Илейка сделал так, как советовала жена. Когда гости стали откланиваться, он замешкался, ожидая, пока горница опустеет, и, улучив минутку, подошел к старосте.
— Ну поезжай, коли такое дело, — добродушно молвил тот, выслушав Илейкину просьбу. — Оно бы, конечно, не полагалось тебе разъезжать, яко вольному, однако же по человечеству уважить надобно. Сестра, как-никак. Отправляйся с богом. Токмо гляди, Илейко, — строго предостерег на прощание староста, — долго там не загостись да к прежнему хозяину в лапы не попади. И меня тогда подведешь, и семью свою на горькую долю обречешь.
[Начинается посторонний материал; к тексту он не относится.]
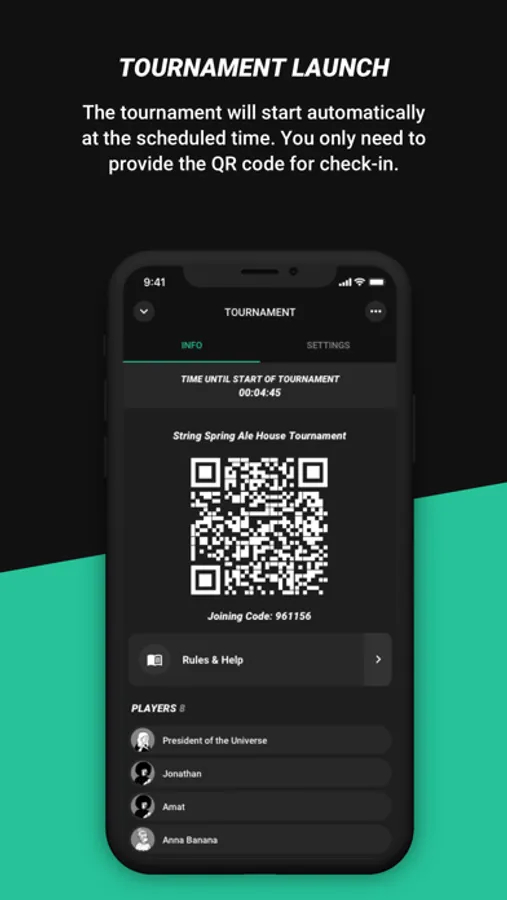 Scheduled tournaments start automatically on the desired date. As the organizer you don't have to do anything else, except to give the QR code to your guests. After that, you can fully concentrate on your activities and let your guests foos.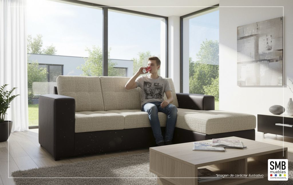 Sala compuesta por loveseat y chaise long tapizado en loneta de alta calidad y vinil 100% poliéster, 6 diferentes colores.

Так что поберегись!
Илейка не сразу отправился в путь: надо было сделать еще кое-какие дела, чтобы в зимнюю пору его семья ни в чем не нуждалась. Почти два месяца он целыми днями пропадал в лесу — искал борти, запасал дрова. Лишь когда первый снег покрыл землю, Илейка простился с женой и детьми и, томясь радостным предвкушением скорой встречи, взял путь на юг, в сторону Москвы.
2
Огромный масляно-желтый лик месяца низко навис над лесом, то исчезая за проплывавшими по темному небу призрачными волнистыми облаками, то снова причащая мир таинству ночи из своего опрокинутого круглого потира, до краев налитого скупым холодным светом.
Пока стреноженный Весок, низко наклонив шею, хрустел торчавшими из-под снега острыми и ломкими верхушками кустарника, Илейка наскоро наломал охапку голых веток и, добыв кремнем огонь, развел жиденький костерок. Съежившись на разостланной прямо в снегу плотной рогоже, Илейка поднял воротник тулупа, засунул кисти рук в рукава, как в муфту, и, прислонясь спиной к широкому стволу дуба, вытянул ноги поближе к огню. Рваный жилистый язык пламени извивался, ходил ходуном, словно дразня, разбрызгивал во все стороны сверкающую слюну искр. Глядя на него, Илейка почувствовал, как его веки, будто мехи хмельным вином, наливаются неодолимой дремой.